Hewitt also explained to TV Line why she’s relieved Maddie and Chimney didn’t get back together as soon as she got back to LA.

“Anyone who’s been in any sort of treatment needs to reacclimate themselves to life. They need to get back into their old clothes, their old shoes, their old ways and bring the new things with them.”

“From he moment she is able to go, ‘I am ready to be a mom again and I can do that,’ she’s going to full into being a mom again,” she said. “That is for the rest of the season. There are no more weird or unsure moments with that baby. She is just happy to be a mom again, and feel confident and good about her ability to do so.”

In addition, in March 2022, Hewitt discussed how Maddie’s postpartum depression was similar to “versions of” her own postpartum experiences throughout her three pregnancies in an interview with Entertainment Today. The challenge of returning to work with a baby who is now four or five months old is what makes this chapter so intriguing.

she said-

“I was so very much in my own postpartum journey.

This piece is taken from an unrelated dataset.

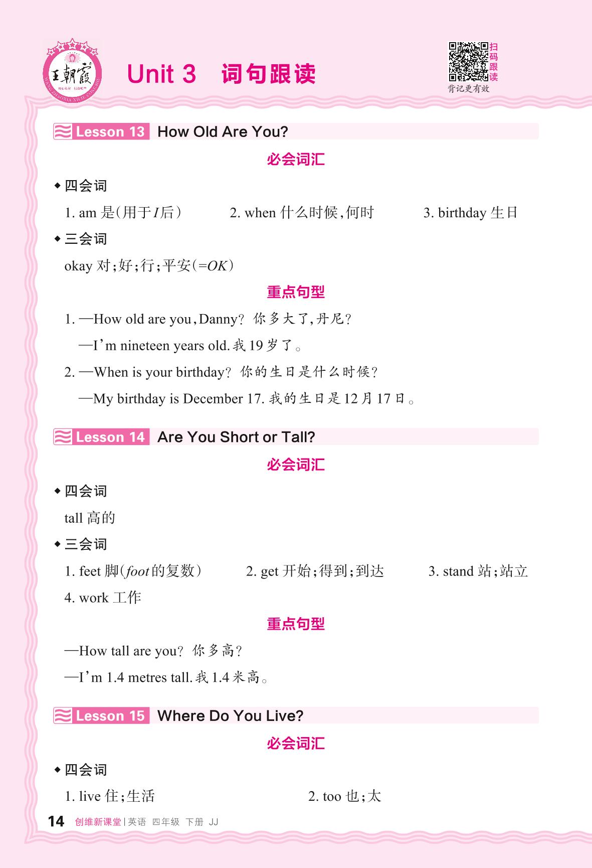 2024春下册四年级英语冀教版 Unit 3 词句跟读

Having to play Maddie in the middle of hers, which is a little bit different than mine, but having to do that every day—it was really hard. But it was also very cathartic and really interesting. I feel it kind of helped me in my own journey, sort of pushed through faster and be able to have a place to put it and to understand all those things that we could go through as women.”

She continued-

“It was scary for sure because I was like, ‘Wow, this is intense.’ I know the storyline a little too well at the moment… and being a mom with two other kids, you have to come home from doing all that stuff during the day and then you have to be smiley and have rainbows shooting out of your eyeballs because they need joy and happiness.”

“It was a lot to balance, but it was very, very important to me, for the audience, to tell the story. For women out there to tell the story and the story really handles more than just postpartum depression. It handles depression in general and it handles people that feel maybe suicide is an option for them. We really run the gamut. We talk about all of the things that wrap back into the story and it was very important.